MATERIAL PROVIDED -
****************
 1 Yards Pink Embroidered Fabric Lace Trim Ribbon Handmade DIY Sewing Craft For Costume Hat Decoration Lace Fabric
****************
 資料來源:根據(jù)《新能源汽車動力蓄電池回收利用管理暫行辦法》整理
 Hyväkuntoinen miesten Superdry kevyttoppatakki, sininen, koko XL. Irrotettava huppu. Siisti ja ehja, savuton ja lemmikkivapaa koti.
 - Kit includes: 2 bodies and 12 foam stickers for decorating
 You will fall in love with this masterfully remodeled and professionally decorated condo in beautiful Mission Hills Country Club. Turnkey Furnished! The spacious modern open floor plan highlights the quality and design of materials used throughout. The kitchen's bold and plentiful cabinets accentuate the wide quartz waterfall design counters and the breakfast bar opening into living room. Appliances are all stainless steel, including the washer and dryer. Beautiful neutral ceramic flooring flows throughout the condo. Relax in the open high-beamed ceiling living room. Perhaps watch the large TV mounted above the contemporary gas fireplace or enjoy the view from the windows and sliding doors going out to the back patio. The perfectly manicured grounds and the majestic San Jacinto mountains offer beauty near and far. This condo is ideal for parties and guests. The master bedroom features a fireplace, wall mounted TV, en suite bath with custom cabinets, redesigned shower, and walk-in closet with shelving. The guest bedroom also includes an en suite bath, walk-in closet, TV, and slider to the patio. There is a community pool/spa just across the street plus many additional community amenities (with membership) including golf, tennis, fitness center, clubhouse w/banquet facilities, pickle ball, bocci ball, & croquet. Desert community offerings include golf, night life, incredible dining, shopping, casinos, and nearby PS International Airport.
****************
WHAT IS BEING ASKED - Copy out each line of the data above, exactly, if it lies between the line holding "資料來源:根據(jù)《新能源汽車動力蓄電池回收利用管理暫行辦法》整理" and the line holding "- Kit includes: 2", inclusive; copy no other line.

SOLVED PROBLEM -
 資料來源:根據(jù)《新能源汽車動力蓄電池回收利用管理暫行辦法》整理
 Hyväkuntoinen miesten Superdry kevyttoppatakki, sininen, koko XL. Irrotettava huppu. Siisti ja ehja, savuton ja lemmikkivapaa koti.
 - Kit includes: 2 bodies and 12 foam stickers for decorating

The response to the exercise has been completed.